Author Topic: Association Rule Mining on Distributed Data  (Read 2676 times)

0 Members and 1 Guest are viewing this topic.

IJSER Content Writer

  • Sr. Member
  • ****
  • Posts: 327
  • Karma: +0/-1
    • View Profile
Association Rule Mining on Distributed Data
« on: February 18, 2012, 01:50:32 am »
Quote
Author : Pallavi Dubey
International Journal of Scientific & Engineering Research Volume 3, Issue 1, January-2012
ISSN 2229-5518
Download Full Paper : PDF

Abstract - Applications requiring large data processing, have two major problems, one a huge storage and its management and second processing time, as the amount of data increases. Distributed databases solve the first problem to a great extent but second problem increases. Since, current era is of networking and communication and people are interested in keeping large data on networks, therefore, researchers are proposing various algorithms to increase the throughput of output data over distributed databases. In my research, I am proposing a new algorithm to process large amount of data at the various servers and collecting the processed data on client machine as much as he/she is requiring. The data is kept in XML format, which allows processing it further, if needed.

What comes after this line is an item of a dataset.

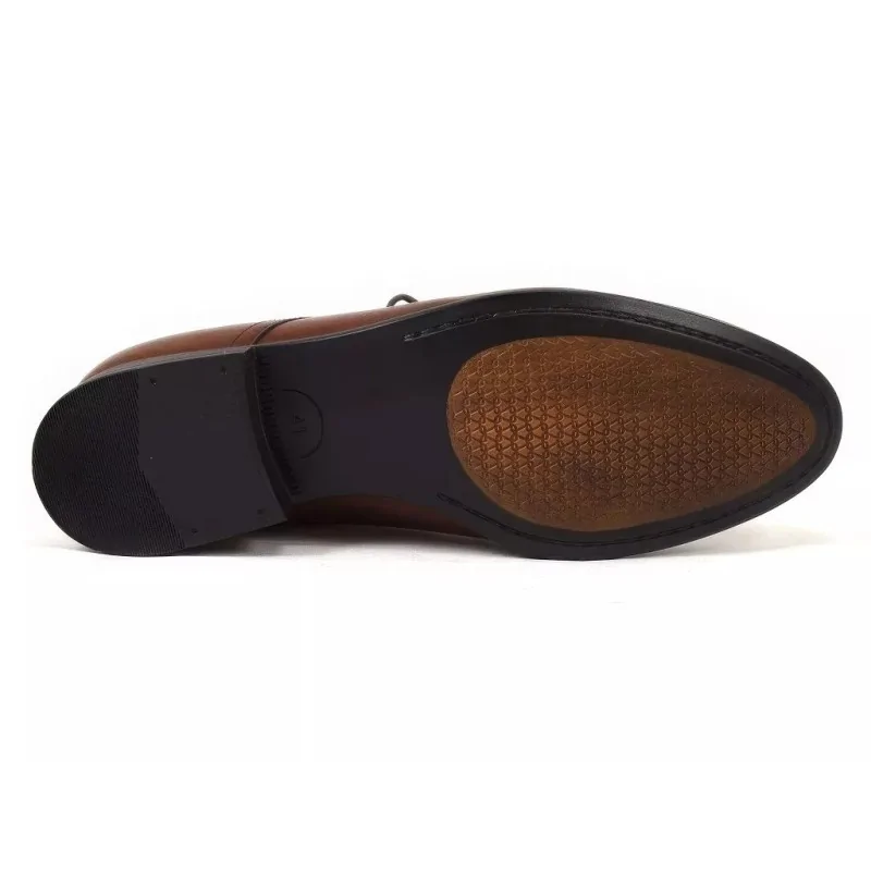 Model 1672 to buty typu plain toe, czyli z gładkim noskiem pozbawionym perforacji i zdobień. Taka konstrukcja podkreśla formalny charakter obuwia, czyniąc je idealnym wyborem do garnituru, marynarki oraz eleganckich spodni materiałowych. Koniak derby skórzane eleganckie świetnie przełamują klasyczne, ciemne stylizacje, dodając im nowoczesnej lekkości.

The local copy of searched data is provided to the users if he/she requires it again, this allows making a proxy server where frequently searched items can be kept with the frequency of their access. This not only allows providing fast access to the data but will also provide to maintain list of frequently accessed data.

For accessing the data from the various servers, there are several methods such as mobile agents, direct networked access, client-server techniques Etc. I have used multithreaded environment to map various distributed servers to collect data. For processing of data at the server end, Apriori Algorithm has been applied to get the outputs, which are then sent to the client. At client data from various servers is collected and list of uncommon data is created which is then converted into XML data format. If the search is successful then user is allowed to store the search locally or at proxy server, this will reduce the future processing time of the same data search. In this paper an Optimized Distributed Association Rule mining algorithm for geographically distributed data is used in parallel and distributed environment so that it reduces communication costs. The response time is calculated in this environment using XML data.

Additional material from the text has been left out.